Voorbeeld van de inhoud

The Social Psychology of Communication

Reading 1 – Gossip as Cultural Learning

 The authors propose that gossip serves to help people learn about how to live in their
cultural society.
 Gossiping can have positive functions, such as softening others’ experience by
passing on anecdotes and making people aware of the risks and benefits of certain
behaviors or actions.
 Traditionally, psychologists have viewed gossiping as an indirect form of aggression,
akin to teasing.
o It has been said to depict the target in an unflattering light.
 It may well be that some people seek to harm someone by passing along information
about them, but that mustn’t always be the case.
o It is plausible that in many cases the defamation of another person is not the
primary goal of the gossiper – or it may be irrelevant altogether.
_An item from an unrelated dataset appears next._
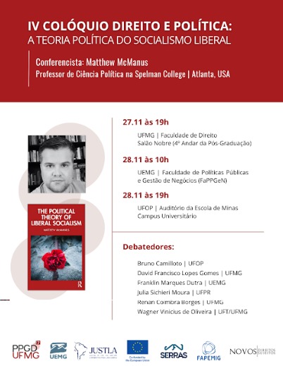 Nos dias 27 e 28 de novembro de 2025, acontecerá o IV Colóquio Direito e Política, por meio de uma articulação interinstitucional entre a UEMG, a UFOP e o PPGD-UFMG, representadas respectivamente pelos professores Franklin Dutra, Bruno Camilloto e David F. L. Gomes. Neste ano, o evento receberá o professor Mathew McManus, da Spelman College (Atlanta, Estados Unidos), que discutirá seu livro The Political Theory of Liberal Socialism, lançado recentemente. Além dos professores organizadores do IV Colóquio, também participarão debatendo com o professor McManus a professora Julia Moura, da UFPR, o professor Wagner Oliveira, da UFT e em residência pós-doutoral junto ao PPGD-UFMG, e o discente do PPGD-UFMG Renan Borges. No dia 27, a conferência de abertura terá lugar na Faculdade de Direito da UFMG, às 19:00. No dia 28, às 10:00 da manhã, as atividades continuam na Faculdade de Políticas Públicas e Gestão de Negócios da UEMG, em Belo Horizonte, e encerram-se às 19:00 em Ouro Preto, na Escola de Minas. As inscrições podem ser feitas neste link: https://www.even3.com.br/iv-coloquio-direito-e-politica-a-teoria-politica-do-socialismo-liberal-654761/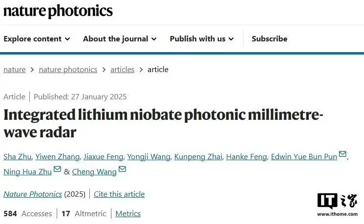 1 月 31 日消息,據新華社報道,南開大學攜手香港城市大學,成功研制出薄膜鈮酸鋰光子毫米波雷達芯片,在毫米波雷達領域取得重大突破。這一創新成果,為未來 6G 通信、智能駕駛、精準感知等前沿領域的應用奠定了堅實基礎。

 Dunbar holds that gossip is an important form of social communication that serves to
bond people together.
o The bond between the teller and the hearer may be strengthened as they spend
time together and talk about a mutual interest.
 Gossip is observational learning of a cultural kind.
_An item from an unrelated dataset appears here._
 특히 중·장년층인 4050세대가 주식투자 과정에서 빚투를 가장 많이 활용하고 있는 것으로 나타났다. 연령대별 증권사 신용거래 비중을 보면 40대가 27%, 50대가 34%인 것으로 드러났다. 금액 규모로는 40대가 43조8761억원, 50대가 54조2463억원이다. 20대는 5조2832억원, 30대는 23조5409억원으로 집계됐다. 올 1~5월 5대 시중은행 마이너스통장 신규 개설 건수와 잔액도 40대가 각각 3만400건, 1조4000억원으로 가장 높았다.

 Effective participation in culture requires the individual to behave according to a vast
set of external guidelines.
 Humans are capable of cultural life because they have a powerful innate capacity to
regulate their own behavior.
 The process of socialization is a matter of learning all of the rules and guidelines for
how to live in a culture.
o Gossip is a potentially efficient means of transmitting information about social
rules and norms.
 Gossip may serve the function of cultural learning even though people may be drawn
to gossip without being aware of any desire to promote cultural learning.
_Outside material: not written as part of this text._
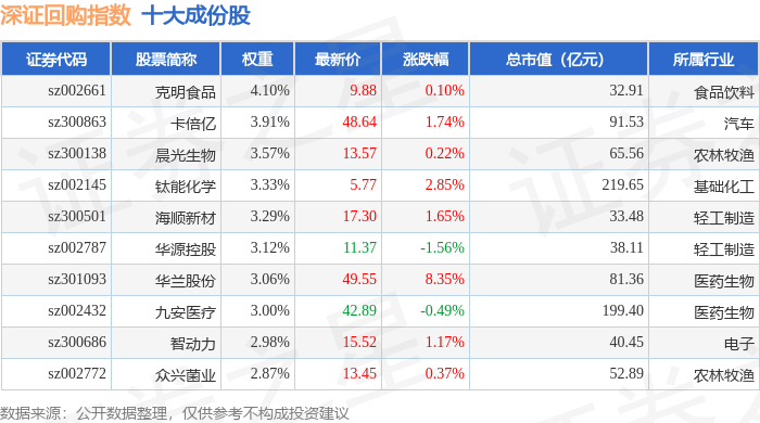 深证回购(970063)指数十大成份股详情如下:

o The desire to gossip is a useful biological adaptation.
 According to the cultural learning view, gossiping can be effective regardless of
whether it presents the target in a positive or negative light.
 The principle that bad is stronger than good may be relevant.
o Bad events elicit stronger responses than good ones.
o E.g. stories about norm violation may be more informative than stories about
actions that conform to norms.
 Men tend to organize in large social groups, whereas women focus on close and
dyadic relationships.
o Men gossip more about celebrities, sports figures, and mere acquaintances.
o Women gossip more about family members and close friends.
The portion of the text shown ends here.